Is the grade relatively flat? Any shaded areas?


----------



## dbarlow (Jul 8, 2018)

This past December made 1 year for mine. Grade is ok,but not the best. I have ne side that has some shade in areas, the rest is sunny. What hoc do you think would be best for it once leveled properly?


----------



## jayhawk (Apr 18, 2017)

anywhere between 1 & 2 " imho


----------



## jayhawk (Apr 18, 2017)

dbarlow said:


> My current mower will go about 1". installers installed it after a bunch of rain and it's taken time to get level. Yes I have a good irrigation system. Any pics of your geo?

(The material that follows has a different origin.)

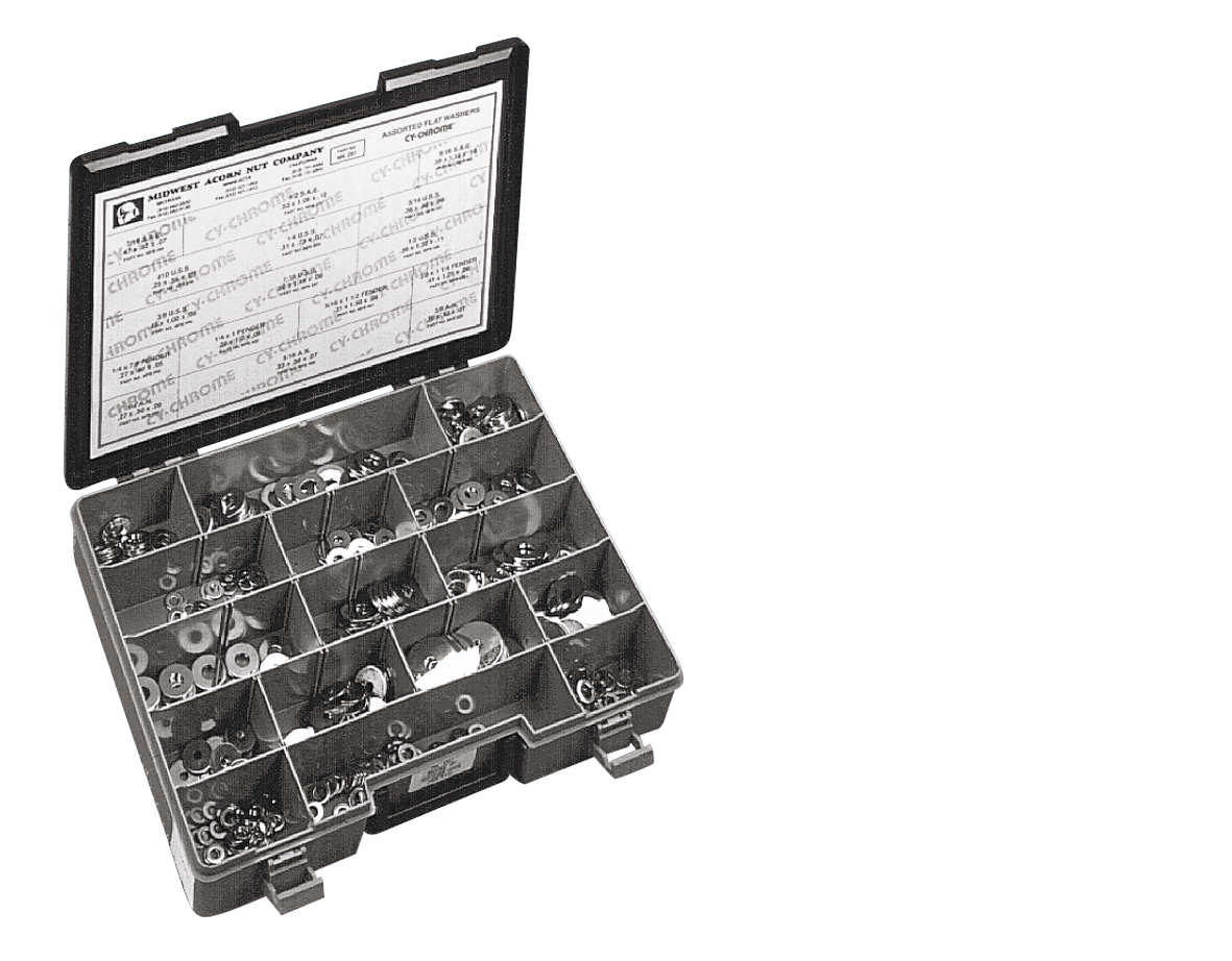 A complete assortment of Chrome plated flat washers. 16 Sizes in AN, Larger SAE, USS and Fender style, to cover all applications. Available in an assortment tray, containing 475 pieces in sizes as listed below. All sizes are separately available in pack quantities as listed below.

Before, surrounded above with 40' oaks (this east side, even today)


(Bermuda and dirt)

To today


Between houses ..south side:
(Yes, this pipe later came out...dumb)


To:
@Greendoc 
 no more than 1/2 "


----------



## dbarlow (Jul 8, 2018)

Looks great, hope to have mine looking that good one day


----------



## Spammage (Apr 30, 2017)

@jayhawk that is looking great!


----------



## Guest (Jul 14, 2018)

That geo looks awesome!


----------



## jayhawk (Apr 18, 2017)

Here is a poor pic of a house with Geo. Trust me, solid green. @dbarlow

Massive trees on south , SE ....I swore the Chinese OAk would need to go but grass is doing fine.....3 years strong.


----------